At this point, it just doesn’t seem possible that anyone hasn’t heard of the angry storm released by online bookseller Amazon this past weekend when rankings began mysteriously dropping from books with gay and lesbian themes.

We’d held off reporting on it because, for a while there on Sunday and Monday, the story kept changing from minute to minute and it struck us that half-baked reportage would do little beyond adding to the infamy of a few characters who emerged from the melee who seemed to have little else in mind. Even loading Amazon with additional attention seemed counterproductive under the circumstances. (Insert subliminal message here: buy indie!)

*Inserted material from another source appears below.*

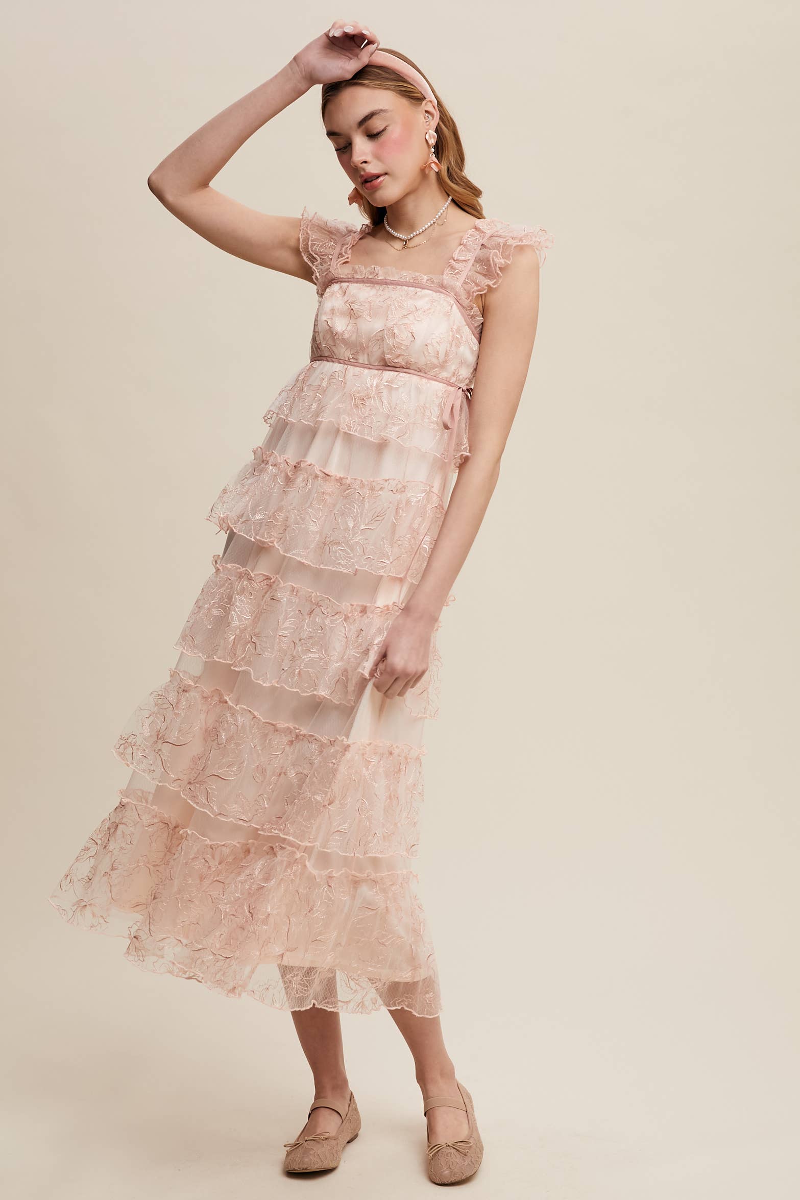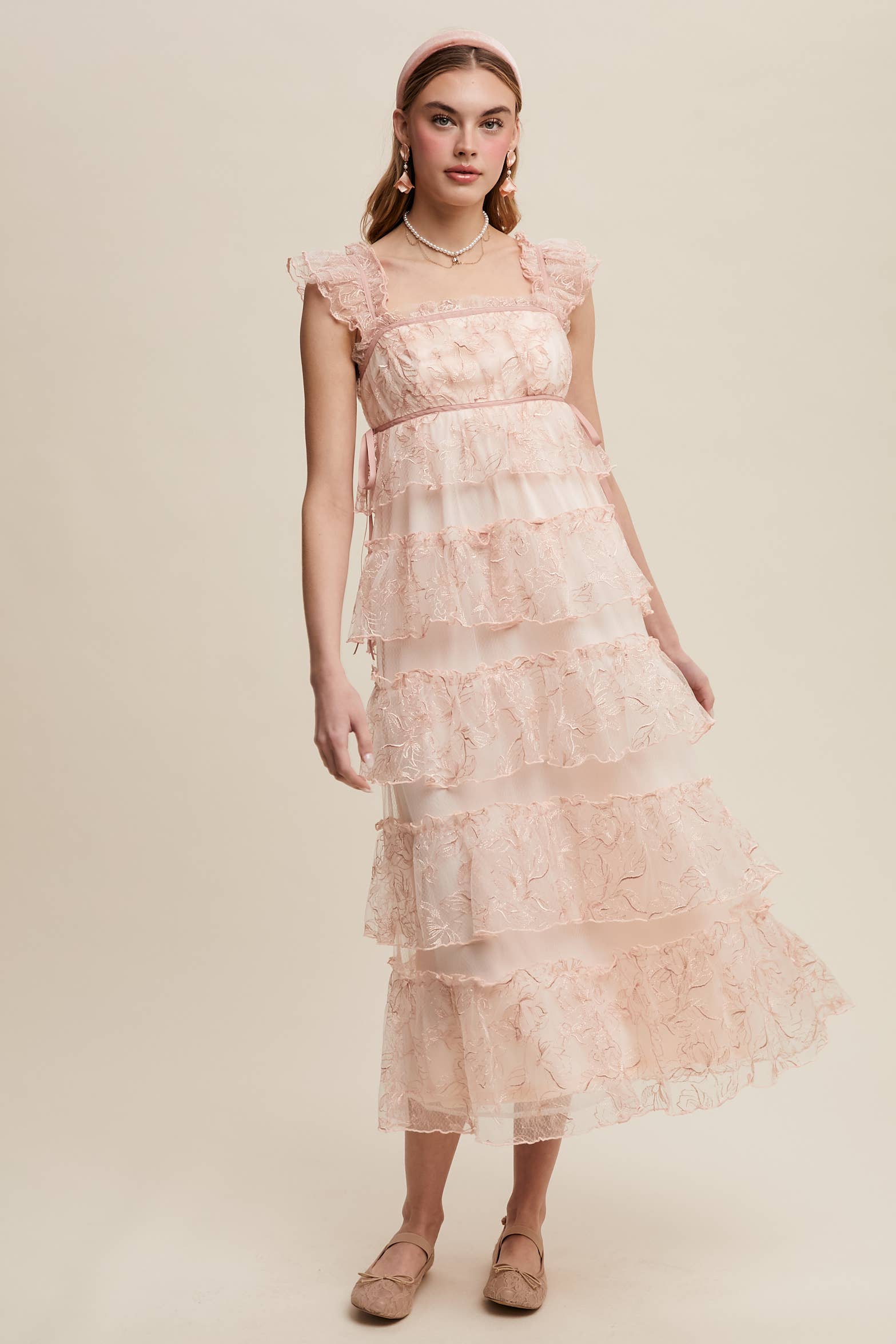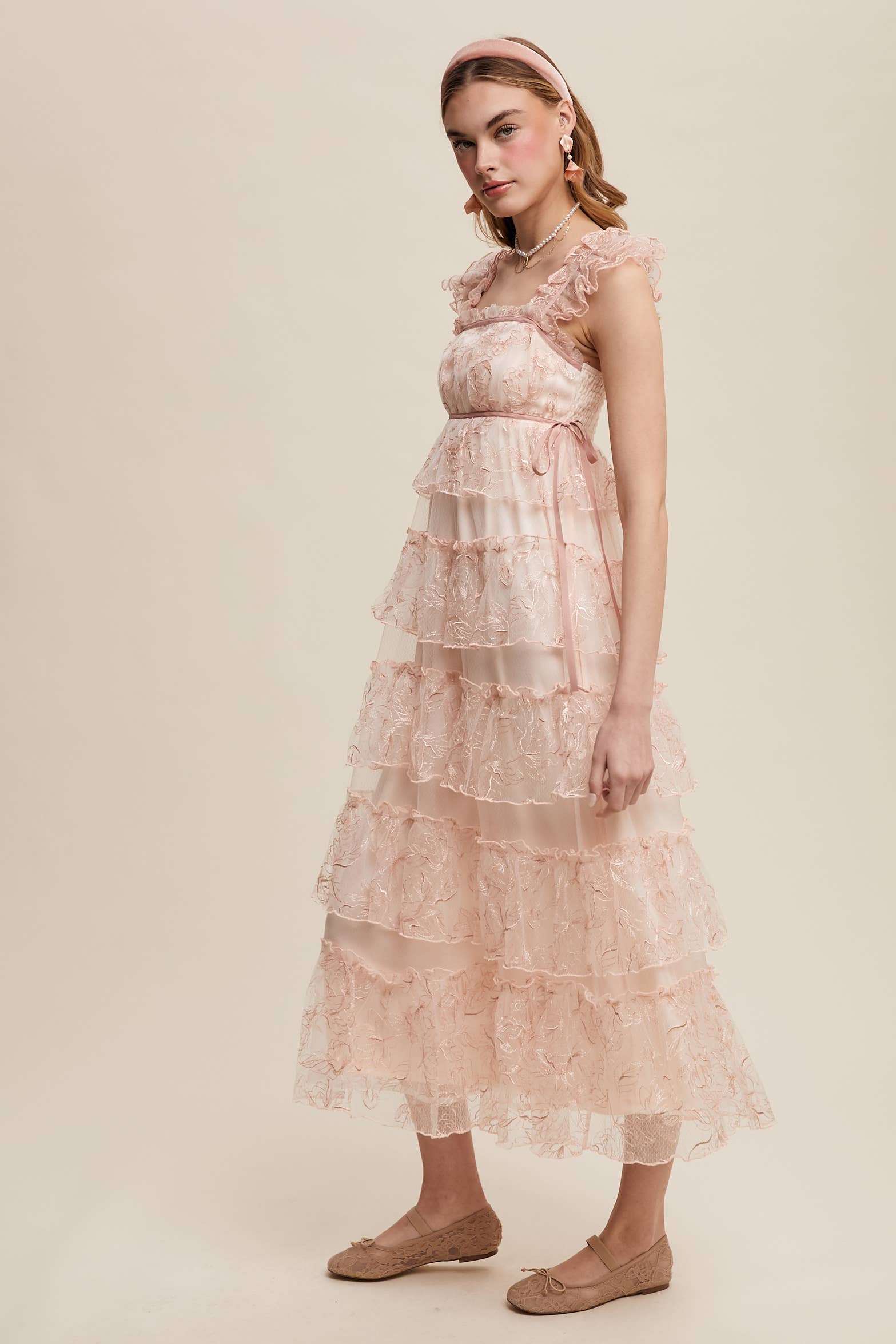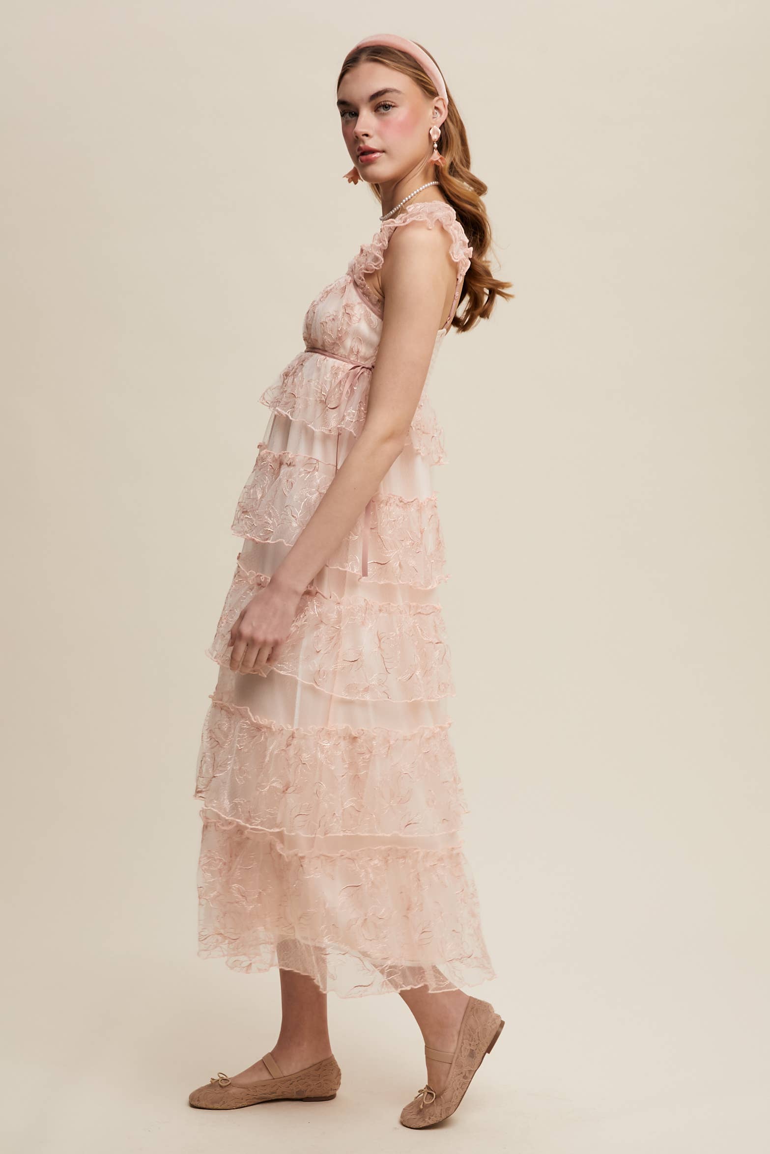 Delicate Floral Embroidered Lace Maxi Dress: Mute Pink

Even as I write this, very early Tuesday morning, I find myself reluctant to pronounce on this one, though it’s possible it’s just because I’m personally sick of hearing about it: somehow, there’s just a sort of nasty, tawdry feel about the whole thing. Seriously: are we even still playing these morality games? For some ridiculous reason, I’d thought more of Amazon. I know: I should have known better. (Buy indie!)

If you’re not sick of the whole sad mess, or if you’d like to explore the details on your own, Booktrade.info did a nice job of rounding up the significant players in the reportage thus far, while The Wall Street Journal here explains how the whole #Amazonfail thing came to be and offers a very concise blow-by-blow of the whole messy business.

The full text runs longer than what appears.